Several years ago, the public works department engaged in a massive series of projects to lay new pipelines for fresh and waste water throughout the town.  The Department of Antiquities appointed Dr. Khairia Amro, an experienced archaeologist, to follow the bulldozers and graders around.  As she can tell you, it quickly became apparent that the entire region is riddled with walls, roadways, ancient waterworks, temples and artifacts of every era.  The countryside around Petra offers plenty of opportunities for daily voyages of discovery, at least for the traveler who is not on a tight schedule.


No discussion of Petra would be complete without mention of the modern inhabitants of the area.  Whether they’re descendents of the Nabateans or not (imagine lively scholarly argument on this subject), they have retained the Nabatean trait of welcoming travelers from around the world.  While farming and herding are still commonplace, the residents of Wadi Musa, Um Sehun, Amareen village and Taybet are essentially a company town, devoted to the single industry of tourism.


There are several interesting consequences.  The most noticeable is a sort of cosmopolitan laissez-faire atmosphere.  These people accept and even understand foreign visitors and their (odd) customs.  While firmly living themselves in a very traditional, very tribal society, they nonetheless manage to share with their guests hospitality and a genuine warmth without either being judgmental or abandoning their own beliefs and customs.


Another is an amazing facility for languages.  Inside Petra, you may well fall in love with the charming Bedouin children selling rocks and well-aged forgeries of ancient coins.  Watch these kids in action and you’ll hear them chattering away to visitors in English, French, German, Italian, Hebrew, Russian, Spanish…..formidable, or formidable, depending on the group they’re talking to.

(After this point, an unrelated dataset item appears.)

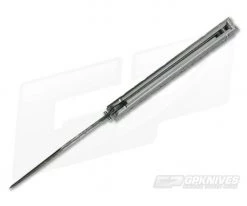 The Handle: This skeleton handle is marvelous. Weight reduction is one thing, but the grip it adds to the overall experience is quite nice. Completely open titanium construction has a clean effect that you can see right through. No liners or unnecessary add-ons to weigh it down. The five rows’ inner circles were left a machine satin shine while the entire outer surface, including the edges, were heavily tumbled. In between each row is a decorative four-circle pattern for accent. Craig put a light orange peel finish on the innards of the handle for that hidden gem. The handle’s theme continues to the latch. Minus the pin, it also is entirely constructed of titanium with three smaller machined holes and stonewash finishing. It operates on two brass washers creating smooth lockup in the closed or open position every time.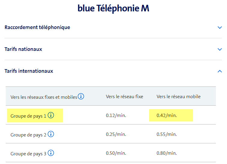 Le prix sera de 0.42 CHF/min, la France est dans le groupe 1.

In this security-conscious age, it’s also worthwhile to mention a third ramification.  People around Petra depend on tourism, and are fiercely determined to see it continue.  As a result, you have a watchful and resourceful security force, dedicated to keeping things quiet and safe.  When you stack this homegrown "neighborhood watch" guard force atop Jordan’s already admirable public security measures, you have a comfortable wall of protection.